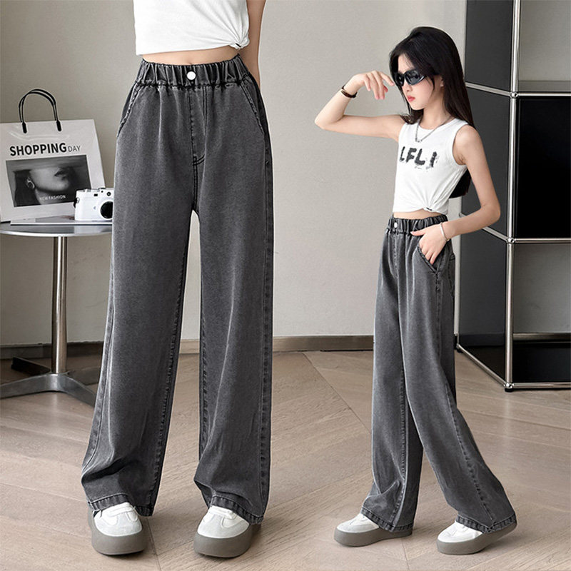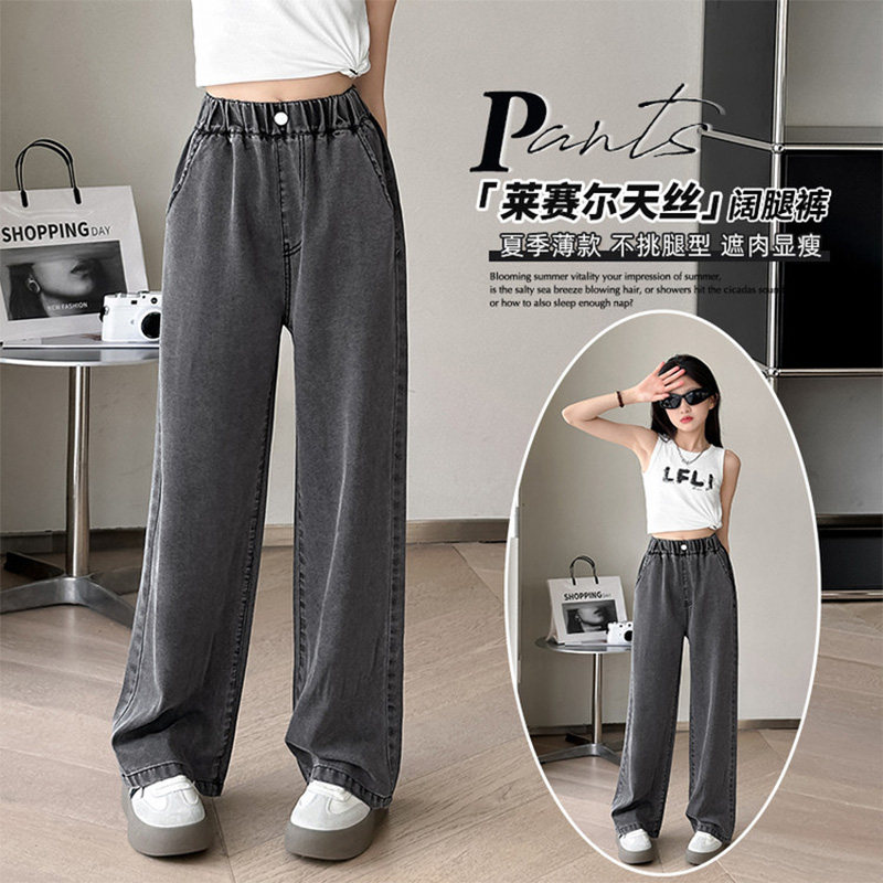 女童春夏裤子2025新款中大童夏季薄款天丝牛仔裤中学生直筒阔腿裤
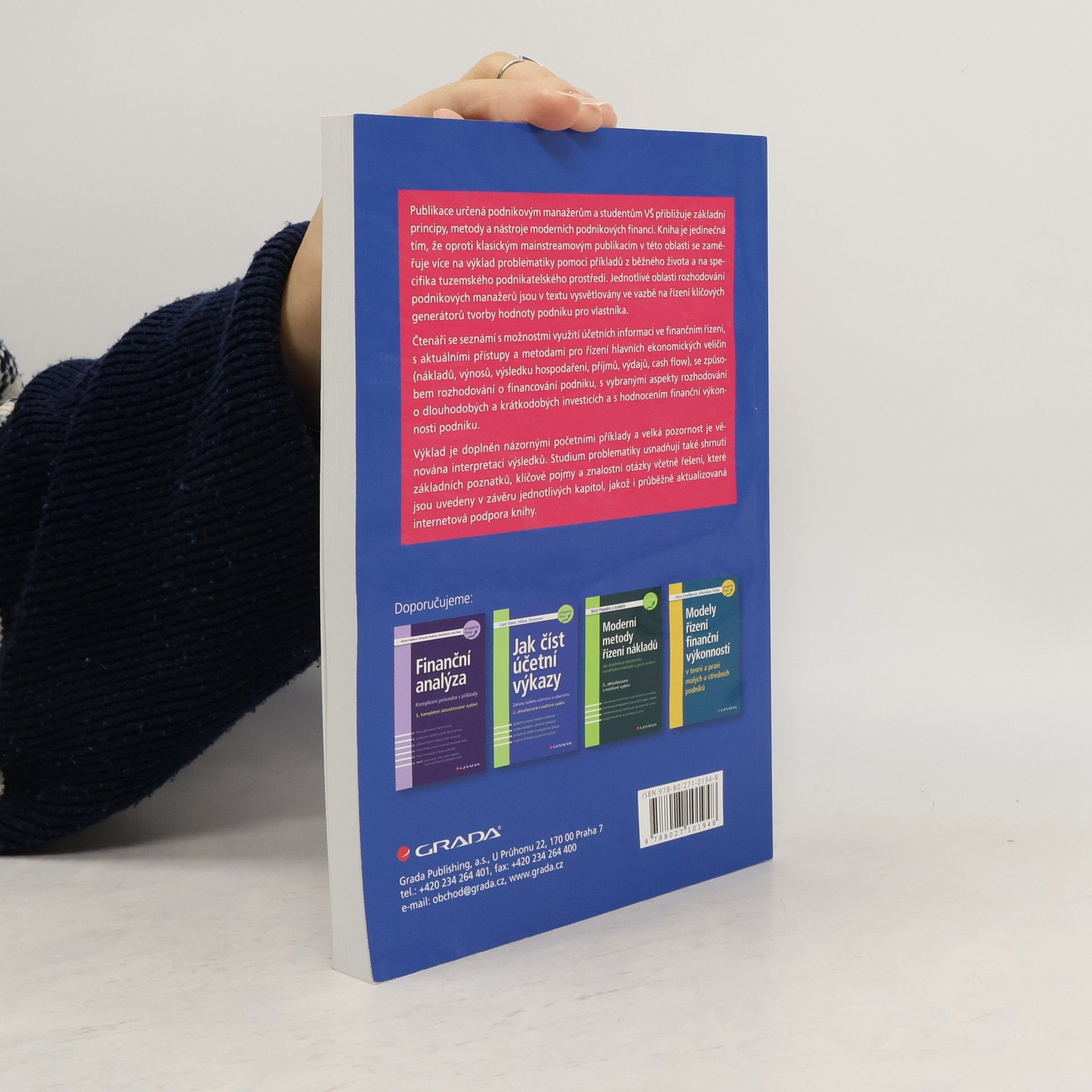 Publikace určená podnikovým manažerům a studentům VŠ přibližuje základní principy, metody a nástroje moderních podnikových financí. Kniha je jedinečná tím, že oproti klasickým mainstreamovým publikacím v této oblasti se zaměřuje více na výklad problematiky pomocí příkladů z běžného života a na specifika tuzemského podnikatelského prostředí. Jednotlivé oblasti rozhodování podnikových manažerů jsou v textu vysvětlovány ve vazbě na řízení klíčových generátorů tvorby hodnoty podniku pro vlastníka. Čtenáři se seznámí s možnostmi využití účetních informací ve finančním řízení, s aktuálními přístupy a metodami pro řízení hlavních ekonomických veličin (nákladů, výnosů, výsledku hospodaření, příjmů, výdajů, cash flow), se způsobem rozhodování o financování podniku, s vybranými aspekty rozhodování o dlouhodobých a krátkodobých investicích a s hodnocením finanční výkonnosti podniku. Výklad je doplněn názornými početními příklady a velká pozornost je věnována interpretaci výsledků. Studium problematiky usnadňují také shrnutí základních poznatků, klíčové pojmy a znalostní otázky včetně řešení, které jsou uvedeny v závěru jednotlivých kapitol, jakož i průběžně aktualizovaná internetová podpora knihy.
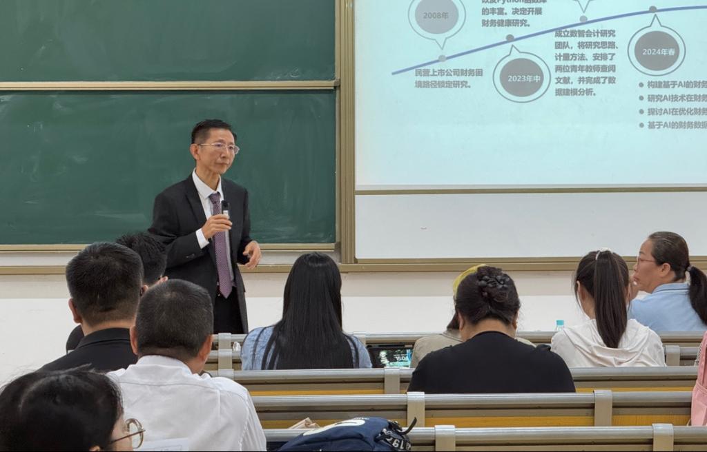 分享会上,朱文教授深入阐述了团队在民营上市公司财务困境研究方面取得的突破性成果。2008年,受新兴技术启发,团队开启财务健康研究之旅,历经多年深耕,于2023年组建数智会计研究团队全力推进研究工作。至2023年底,两篇精心打磨的论文经三轮修改后成功投稿SCI并顺利发表。步入2024年,团队成果进一步涌现,发布了中国主板上市公司财务健康“华商”蓝皮书,在AI与财务融合的多个关键研究方向,如构建AI财务健康评估模型、探索AI在财务预警及决策优化中的应用、创新财务数据分析方法等,均取得了重要进展。
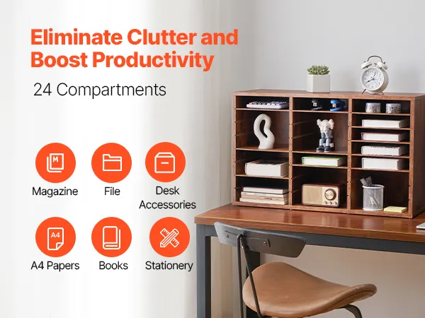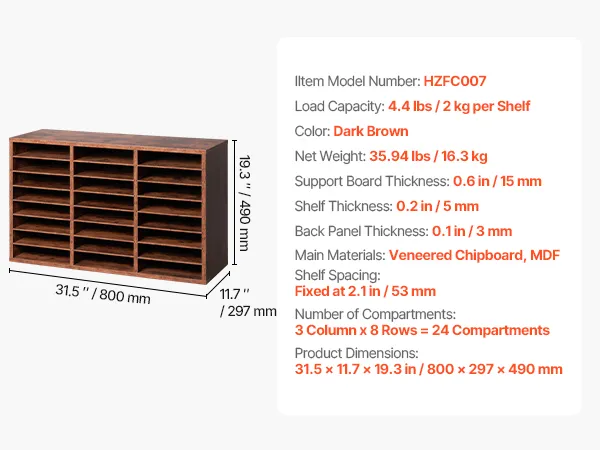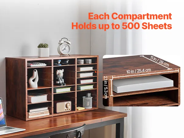 VEVOR Literature Organizer, 24 Compartments Office Mailbox with Removable Shelves, Wooden Mailbox Sorter Particle Board Office Home Classroom Storage, File Sorter for Documents, Papers, Dark Brown
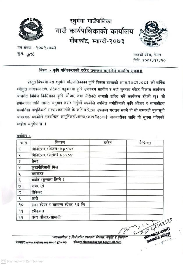 » विषय :- कृषि यन्त्रिकरणको दररेट उपलब्ध गराईदिने सम्बन्धि सूचना !!!
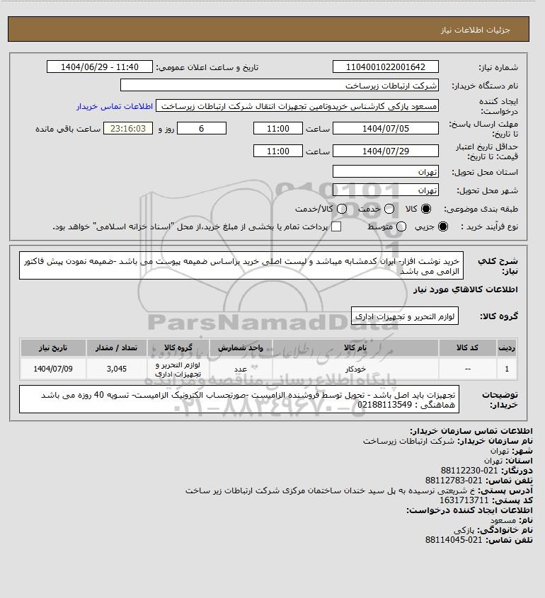 شرح کلی نیاز: خرید نوشت افزار- ایران کدمشابه میباشد و لیست اصلی خرید براساس ضمیمه پیوست می باشد -ضمیمه نمودن پیش فاکتور الزامی می باشد
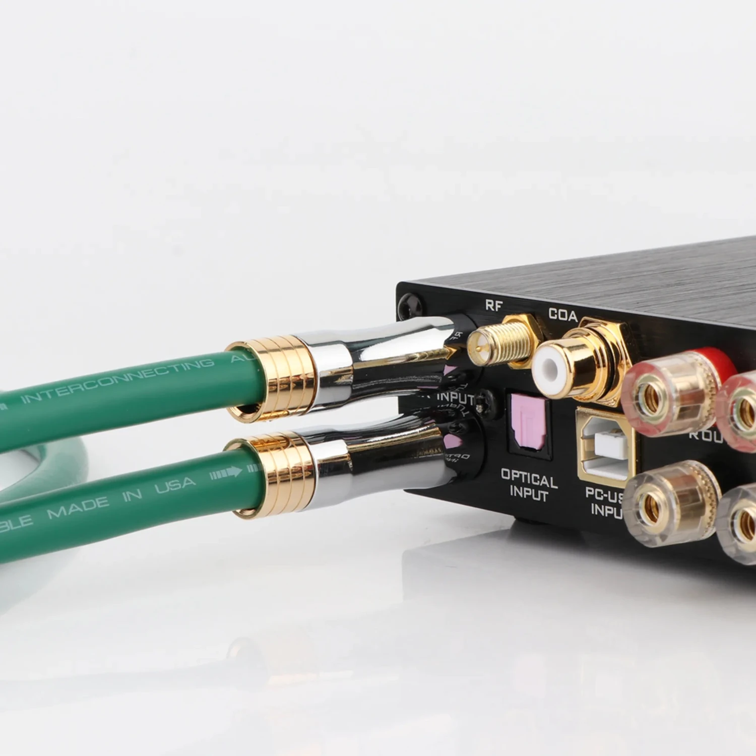 - Used Self-locking RCA connectors By Taiwan , which is made of copper-plated plug, metal shell, and advantages of metal shell can be shielded from external interference.
++++++++++
▶ _Task item_:
Word for word, please, restate the lines of the listing from the one holding "सम्बन्धि सूचना !!!" down to the last line, leaving out any pictures.

▶ _Solution to the problem_:
 » विषय :- कृषि यन्त्रिकरणको दररेट उपलब्ध गराईदिने सम्बन्धि सूचना !!!
 شرح کلی نیاز: خرید نوشت افزار- ایران کدمشابه میباشد و لیست اصلی خرید براساس ضمیمه پیوست می باشد -ضمیمه نمودن پیش فاکتور الزامی می باشد
 - Used Self-locking RCA connectors By Taiwan , which is made of copper-plated plug, metal shell, and advantages of metal shell can be shielded from external interference.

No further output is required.